The Rumble 2025 Creator Program, updated November 25 and last revised on December 4, lays out a more structured incentive system linked to Rumble Premium, the company’s paid subscription tier. [21]
Key elements of the program:
- Rumble allocates a portion of profits from Rumble Premium subscribers into a creator pool.
- Payouts are based on:
- Minutes watched of a creator’s original content
- New user sign‑ups driven by that creator
- New Rumble Premium subscriptions attributed to that creator
- To enroll, creators must:
- Have at least 100 followers
- Have streamed at least 1 hour via Rumble Studio in the prior 30 days (down from a previous 30‑hour requirement)
- Maintain an active Rumble Premium subscription themselves
- To stay eligible each month, creators must meet thresholds such as:
- 30 hours total streaming (5+ hours to Rumble Premium)
- 200 hours of watch time
- At least 20 unique chat participants
- Performing raids in five separate livestreams, sending viewers to other creators [22]
Rumble’s strategy is pretty clear: push creators to:
- Stream more (especially live),
- Drive new users and premium subs, and
- Help each other grow via tools like raids.
It’s a YouTube‑meets‑Twitch‑meets‑Patreon mash‑up, tuned specifically to feed Rumble Premium.
Exclusive events: the Andrew Tate vs Chase DeMoor fight
To juice Rumble Premium further, the company is leaning into exclusive, attention‑grabbing events.
On December 4, 2025, Rumble announced that “MF Mania – The Fight Before Christmas”, a Misfits Boxing match between Netflix personality Chase DeMoor and influencer Andrew Tate, will be livestreamed exclusively on Rumble Premium on December 20, 2025. [23]
Important details:
- The event will stream from Dubai under the Misfits Boxing banner.

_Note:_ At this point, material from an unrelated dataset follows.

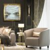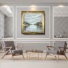 Elegancki obraz w ramie tajemnicze nabrzeże, to dzieło które w abstrakcyjny sposób przedstawia nabrzeże portowe widziane z pokładu statku. Delikatne złote muśnięcia jak przez rozproszoną mgłę ukazują daleki wyczekany ląd. Całość artystycznego zamysłu zamknięta została w piękną złotą ramę, indywidualnie wykonaną specjalnie do tej wizji obrazu. Elegancki marynistyczny złoty obraz ręcznie malowany jest niekonwencjonalny dlatego jest idealny do Twojego wnętrza. Do namalowania tego obrazu użyto ciepłej palety barw z odrobiną chłodu. Piękne złote refleksu obrazu cieszą oczy i ocieplają koncepcję obrazu. Abstrakcja to nasza specjalność dlatego inne klasyczne formy malarstwa staramy się przestawić w abstrakcyjny sposób. Obraz w dużym formacie, nowoczesne obrazy do salonu, modne obrazy do biura, eleganckie obrazy do mieszkania mogą ożywić każde wnętrze – dom, firmę, mieszkanie.

- Viewers must purchase an annual Rumble Premium subscription to watch, rather than a traditional one‑off pay‑per‑view. [24]
For Rumble, it’s a test of whether:
- High‑profile, polarizing personalities can meaningfully drive premium subscriber growth, and
- The platform’s “freedom‑first” brand can be monetized via exclusive live events instead of relying only on ads.
For RUM stock, the impact will depend on how many incremental subscribers Rumble can retain after the fight is over and whether advertisers are comfortable being associated with that kind of content mix.
How analysts see RUM stock now
Analyst coverage of Rumble is still relatively thin, but it has become more structured and data‑driven over the past year.
According to MarketBeat’s forecast page, as of December 5, 2025: [25]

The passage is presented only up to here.